Ancoretta:  piccolo mezzo di fissazione utilizzato per reinserire tendini e muscoli all’osso. Ancorette possono essere di varia forma (viti, tasselli ad espansione, ancore) e dotate di un occhiello attraverso cui passano i fili di sutura. Possono essere di metallo o di materiale riassorbibile.

Articolazione:  l’insieme delle estremità di due o più ossa, tenute insieme da legamenti (v.) ma con possibilità di movimento reciproco. Le articolazioni più mobili sono avvolte da un manicotto fibroso (capsula articolare), rivestito all’interno da una membrana (membrana sinoviale v.) e ripieno di liquido (liquido sinoviale v.).

Artroprotesi:  intervento chirurgico di sostituzione protesica di un’articolazione

Artroprotesi:  intervento chirurgico su un’articolazione (v.) danneggiata per recuperarne la funzione. Sulle estremità delle ossa che formano l’articolazione vengono applicati dei rivestimenti artificiali che sostituiscono i tessuti danneggiati e riproducono la forma originaria.

Artroscopia:  tecnica chirurgica che permette di “entrare” in un’articolazione (v.) mediante 2-3 piccole incisioni di 4-5 mm, attraverso cui vengono fatte passare delle sonde miniaturizzate. Una di queste contiene delle fibre ottiche connesse ad una telecamera che consente di vedere l’interno della cavità. Attraverso l’altra apertura sono introdotti dei piccoli strumenti che permettono di sondare le diverse strutture interne, di asportare tessuti malati o di ricostruire parti danneggiate. Per questi motivi, la tecnica artroscopica è definita “mini-invasiva”, cioè che non lede i tessuti circostanti, provoca meno dolore e consente una ripresa più rapida del paziente.

Artroscopica:  v. artroscopia

Artrosi:  degenerazione della cartilagine articolare (v.), in genere cronica e progressiva. Le cartilagini che normalmente rivestono le estremità ossee e le tengono separate, si assottigliano fino a scomparire portando le due ossa a contatto diretto. Le articolazioni si deformano per la presenza di osteofiti (v.) e di una quantità eccessiva di liquido sinoviale (v.) conseguente all’infiammazione cronica della membrana sinoviale infiammata (v. sinovite). I sintomi principali sono il dolore locale e la difficoltà a muovere l’articolazione coinvolta.

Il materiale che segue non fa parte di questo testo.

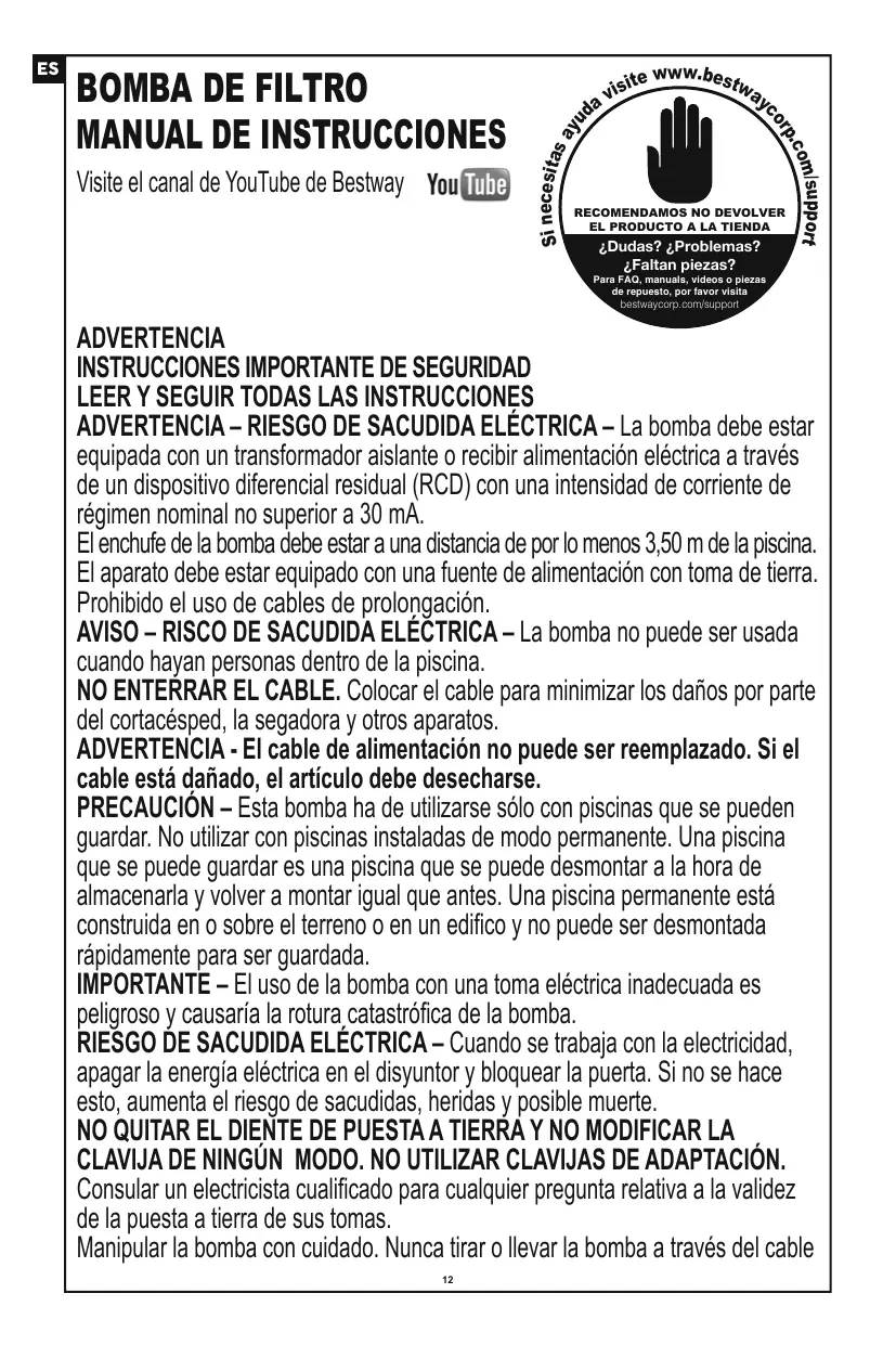 Siles instructions sont manquantes, contactez Bestway ou recherchez sur le site web : www.bestwaycorp.com

Borsa sierosa:  piccole sacche piatte, formate da due strati di membrana separati da un film liquido. Situate sulle prominenze ossee all’interno o in vicinanza delle articolazioni, servono a favorire lo scorrimento di tendini e muscoli sull’osso, riducendo l’attrito ed attenuando le sollecitazioni. Possono andare incontro ad infiammazione (“borsite”) ed, in questo caso, la quantità di liquido aumenta notevolmente e la sacca si dilata.

Borsite:  v. borse sierose

Cartilagine articolare:  speciale tessuto duro-elastico, levigato, lucente che riveste i capi ossei di un’articolazione e consente ad essi di scivolare un sull’altro con bassissimo attrito. Non ha vasi sanguigni e, quindi in caso di lesione, l’organismo non è in grado di ripararla.

Chirurgia aperta (o a "cielo aperto"):  eseguita in modo tradizionale, incidendo i vari strati di tessuto fino alla sede da trattare. La tendenza attuale è quella di risparmiare il più possibile i tessuti da attraversare per ridurre il sanguinamento, il dolore, le aderenze post-operatorie e la perdita di forza muscolare (chirurgia mini-invasiva). Le tecniche mini-invasive però, non possono essere applicate a tutti i tipi di operazioni ortopediche.

Cisti synoviale:  neoformazione non tumorale, piena di liquido sinoviale (v.) e situata in vicinanza delle articolazioni o delle guaine tendinee (cisti tendinee) e con le quali è in comunicazione.

Condrobrasione:  tecnica di stimolazione midollare (v.) eseguita in artroscopia (v.) in caso di lesioni gravi della cartilagine articolare (v.). Consiste nell’asportare gli strati più superficiali dell’osso subcondrale (v.) portato allo scoperto dalla perdita di cartilagine. In questo modo si favorisce l’afflusso del sangue e, quindi, di cellule del midollo osseo con elevate capacità rigeneranti nella sede della lesione.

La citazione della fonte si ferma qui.